Description of the task:
Give the lines again exactly as they appear below, from the line with "As prescribed for" to the line with "すると、「処理済」フィールド", both included, and only those lines. Leave every picture out.

═════ Available data

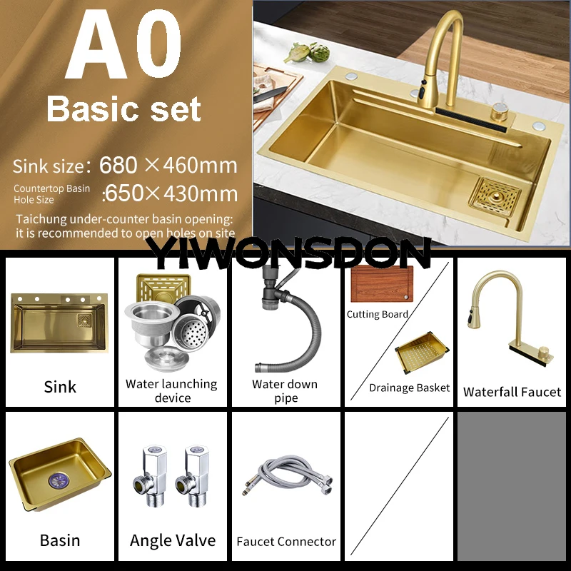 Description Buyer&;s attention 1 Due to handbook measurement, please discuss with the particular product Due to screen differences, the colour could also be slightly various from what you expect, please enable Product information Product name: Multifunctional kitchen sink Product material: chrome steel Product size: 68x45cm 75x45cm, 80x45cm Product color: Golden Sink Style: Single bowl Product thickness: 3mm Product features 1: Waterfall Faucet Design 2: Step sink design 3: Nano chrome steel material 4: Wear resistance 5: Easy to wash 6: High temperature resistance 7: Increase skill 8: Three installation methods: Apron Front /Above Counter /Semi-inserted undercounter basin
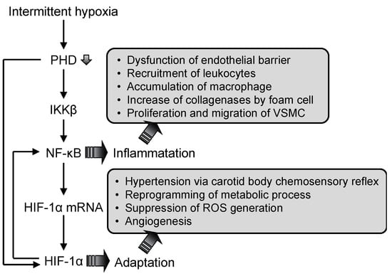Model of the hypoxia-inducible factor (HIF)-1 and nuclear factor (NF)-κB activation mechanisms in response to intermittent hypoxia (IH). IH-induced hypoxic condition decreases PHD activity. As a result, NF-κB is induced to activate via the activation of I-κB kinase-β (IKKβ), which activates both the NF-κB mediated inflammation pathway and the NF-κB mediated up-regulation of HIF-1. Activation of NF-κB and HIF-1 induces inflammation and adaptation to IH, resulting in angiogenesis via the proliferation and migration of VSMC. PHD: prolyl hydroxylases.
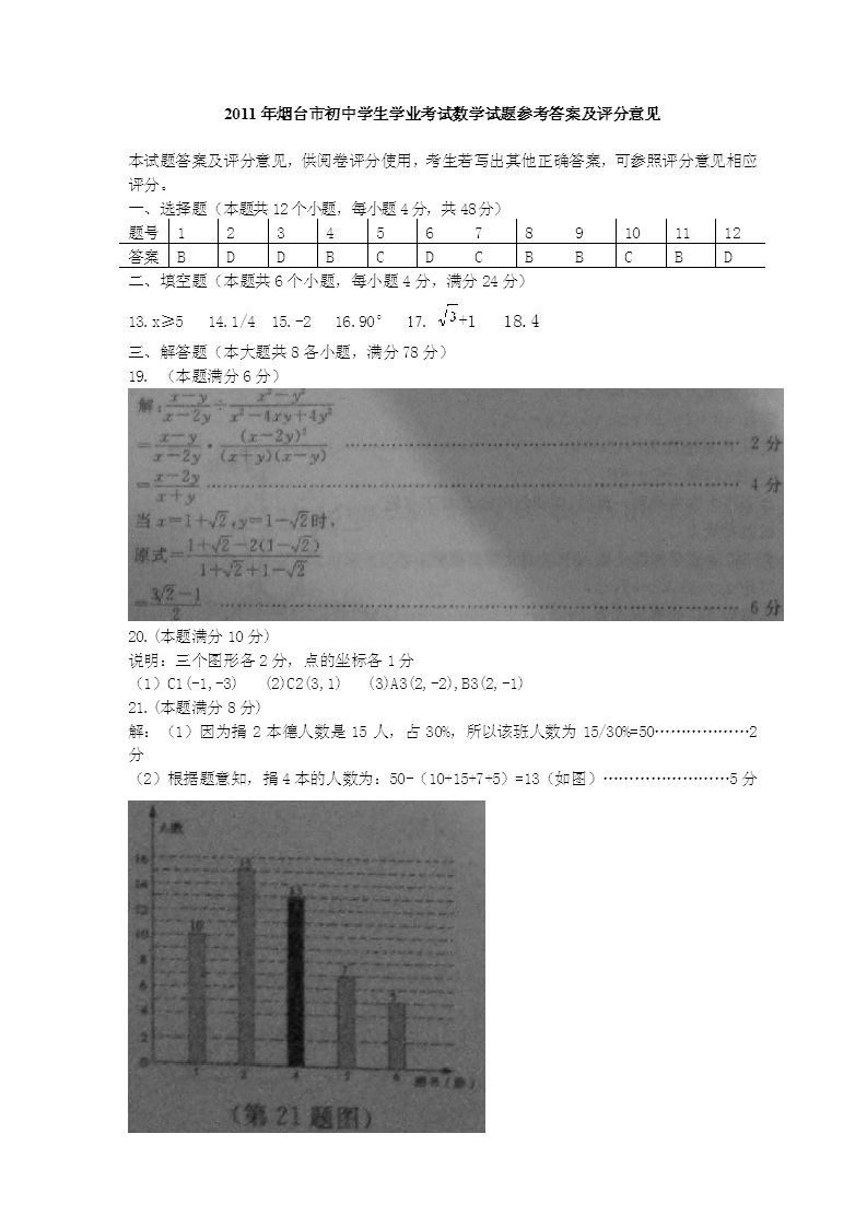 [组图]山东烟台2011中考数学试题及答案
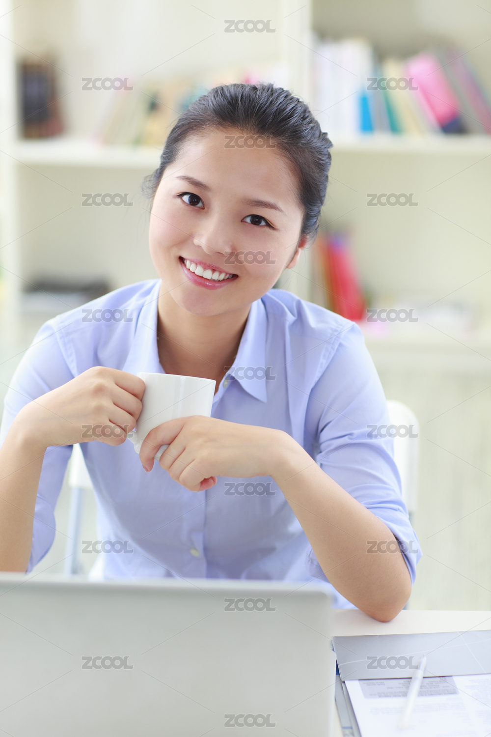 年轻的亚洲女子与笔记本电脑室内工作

══════════
═════ Available data

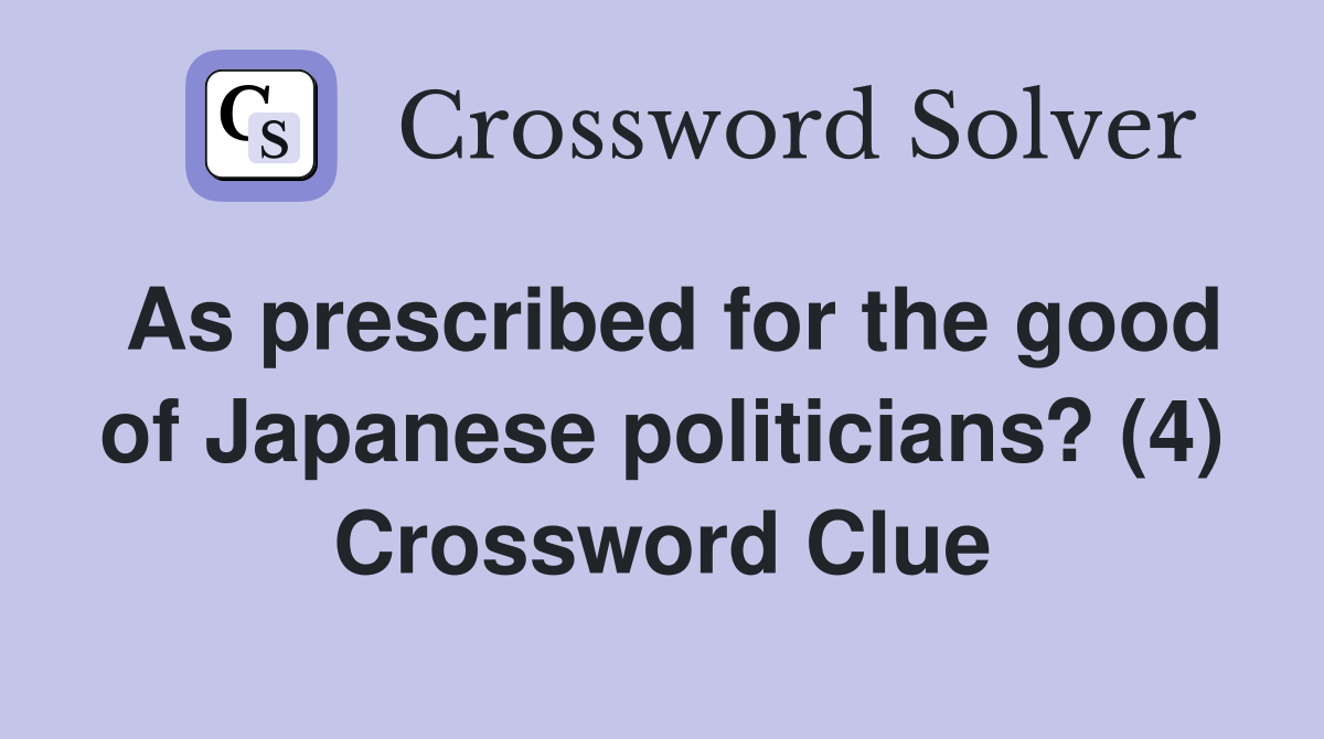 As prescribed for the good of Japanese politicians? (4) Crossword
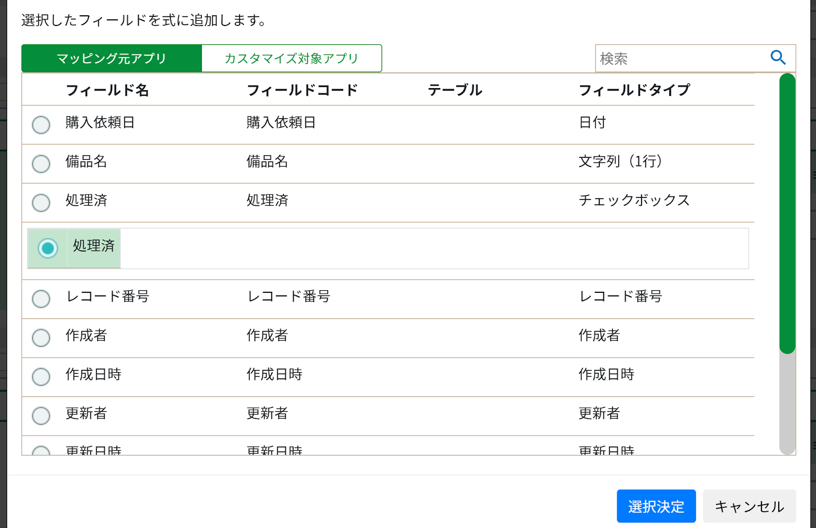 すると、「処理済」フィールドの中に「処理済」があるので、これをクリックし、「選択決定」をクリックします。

══════════
═════ Available data

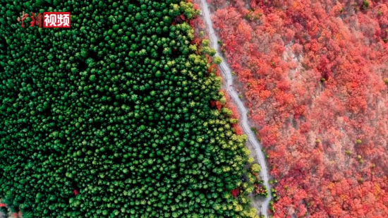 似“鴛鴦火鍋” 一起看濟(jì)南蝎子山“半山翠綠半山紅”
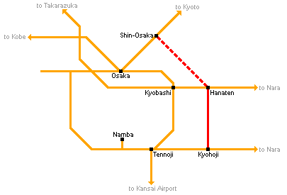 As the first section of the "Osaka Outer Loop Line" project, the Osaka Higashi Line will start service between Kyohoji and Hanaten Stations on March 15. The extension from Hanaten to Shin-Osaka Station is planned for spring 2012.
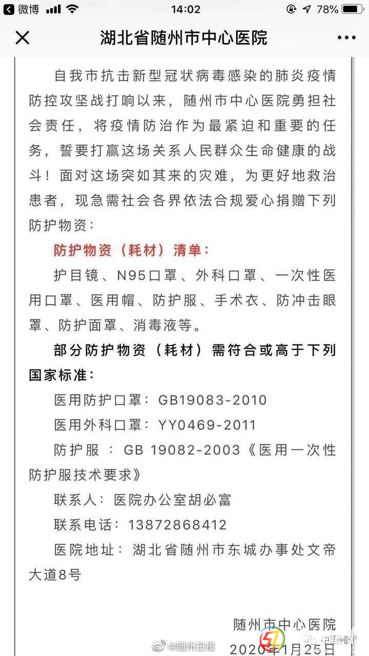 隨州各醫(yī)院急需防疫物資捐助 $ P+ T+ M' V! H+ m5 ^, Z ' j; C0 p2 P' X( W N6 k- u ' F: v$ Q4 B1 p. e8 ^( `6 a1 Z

══════════

Result:
 As prescribed for the good of Japanese politicians? (4) Crossword
 すると、「処理済」フィールドの中に「処理済」があるので、これをクリックし、「選択決定」をクリックします。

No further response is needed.